Privacy’s unintended consequences

  • February 22, 2022

Bill C-11, the Digital Charter Implementation Act, 2020, was introduced in November 2020 and died on the Order Paper when the 2021 election was called. A new bill should be introduced in Parliament in 2022. The Canadian Bar Association’s Privacy and Access Law Section had already responded to a consultation document on Strengthening Privacy for the Digital Age in 2019. It is now offering its comments on Bill C-11 to help guide the government before it introduces the new bill.

The CBA Section is generally supportive of Bill C-11, but a few matters could result in unintended consequences if the same bill were reintroduced. Below is a summary of the most problematic issues and how they should be addressed.

De-identification

The CBA Section is troubled by the proposed wording of the definition of what constitutes de-identification. It believes the bar is too high for what constitutes de-identified information, and this will restrict too many ordinary business activities. The Section would support instead a definition like that of “pseudonymisation” under the General Data Protection Regulation 2 (DDPR).

De-identification “means to modify personal information — or create information from personal information — by using technical processes to ensure that the information does not identify an individual or could not be used in reasonably foreseeable circumstances, alone or in combination with other information, to identify an individual.”

Such information is no longer personal information, the Section adds, it is anonymized and should not be subject to the proposed Consumer Privacy Protection Act, or CPPA, or any other law governing personal information. “Further,” the CBA letter reads, “comingling the concepts of anonymized information and de-identified information will create interpretative difficulty and international legal compliance challenges.”

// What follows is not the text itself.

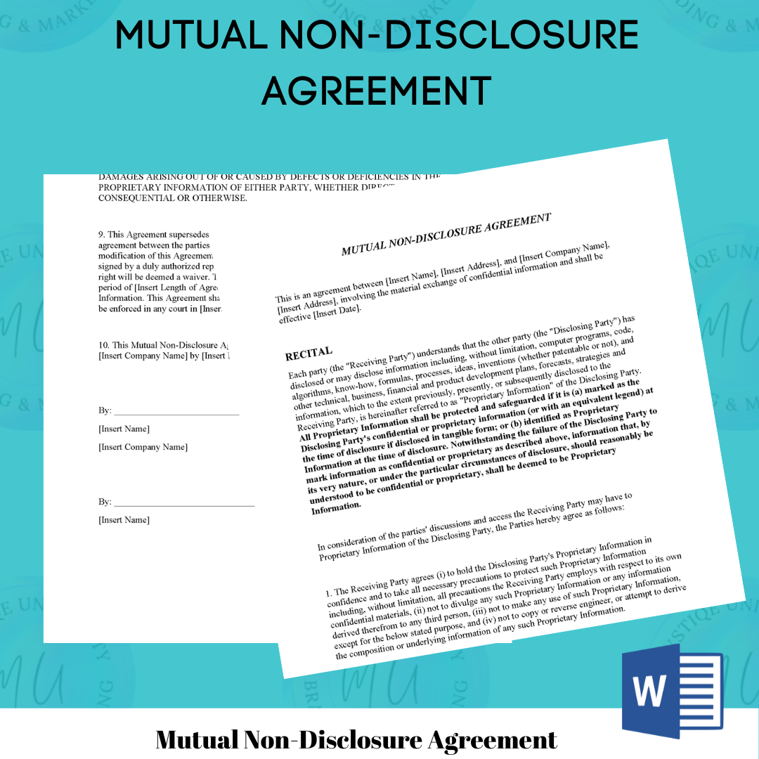 Plantilla de acuerdo mutuo de confidencialidad de 3 páginas como documento de Word para crear un contrato vinculante y cubrir cualquier contingencia.

Business transaction exemption

The requirement that information be de-identified to be shared during a business transaction is unworkable in practice, the Section says. Especially during mergers and acquisitions, investment, and other commercial transactions, where it is often necessary to disclose some personal information for the buyer to perform due diligence.

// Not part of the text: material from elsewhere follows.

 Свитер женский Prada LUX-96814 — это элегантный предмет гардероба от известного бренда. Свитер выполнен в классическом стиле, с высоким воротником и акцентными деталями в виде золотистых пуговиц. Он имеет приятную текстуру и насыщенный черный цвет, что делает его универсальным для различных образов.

By contrast, s. 7.2 of the Personal Information Protection and Electronic Documents Act, or PIPEDA, has worked well. “The CBA Section is not aware of any Office of the Privacy Commissioner investigations or decisions where abuse of personal information disclosed under these provisions is mentioned,” the letter reads.

Interprovincial data flow, interim order power, automated decision-making systems

The CBA Section wants to see references to interprovincial data flows removed, as there should be no barriers to interprovincial trade and commerce and the proposed CPPA would apply to interprovincial transfers.

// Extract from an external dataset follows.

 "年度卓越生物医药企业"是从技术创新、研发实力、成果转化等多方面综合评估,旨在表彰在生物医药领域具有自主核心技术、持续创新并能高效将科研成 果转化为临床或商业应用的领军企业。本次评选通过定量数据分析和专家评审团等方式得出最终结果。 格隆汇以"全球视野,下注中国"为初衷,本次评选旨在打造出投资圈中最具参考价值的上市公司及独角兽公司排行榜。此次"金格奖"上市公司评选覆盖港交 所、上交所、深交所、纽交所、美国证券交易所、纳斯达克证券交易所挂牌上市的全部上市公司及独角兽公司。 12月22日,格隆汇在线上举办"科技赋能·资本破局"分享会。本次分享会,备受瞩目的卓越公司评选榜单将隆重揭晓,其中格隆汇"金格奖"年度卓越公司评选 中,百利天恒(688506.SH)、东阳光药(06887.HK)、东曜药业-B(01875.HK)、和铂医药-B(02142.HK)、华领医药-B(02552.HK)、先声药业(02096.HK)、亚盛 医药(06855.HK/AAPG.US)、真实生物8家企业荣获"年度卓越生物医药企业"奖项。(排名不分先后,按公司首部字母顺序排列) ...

The Section also requests that the OPC’s interim order power be removed from the CPPA. “Since OPC inquiries are complaint-driven,” it explains, “they can investigate an industry common practice. If the OPC enjoins the action at an early stage and takes several months, or even years, to render a decision, there can be significant implications for an organization’s competitiveness.”

The creation of a regulatory framework for some types of automated decision-making systems is desirable, but the approach must be intersectional and nuanced. The Section recommends a revision of the definition of automated decision systems “to focus on technology that makes assessments or decisions in lieu of human decision-making.” As well, obligations on organizations should be limited to automated decision-making “that has a real material impact on, or poses a risk of significant harm to, the individual,” the letter says.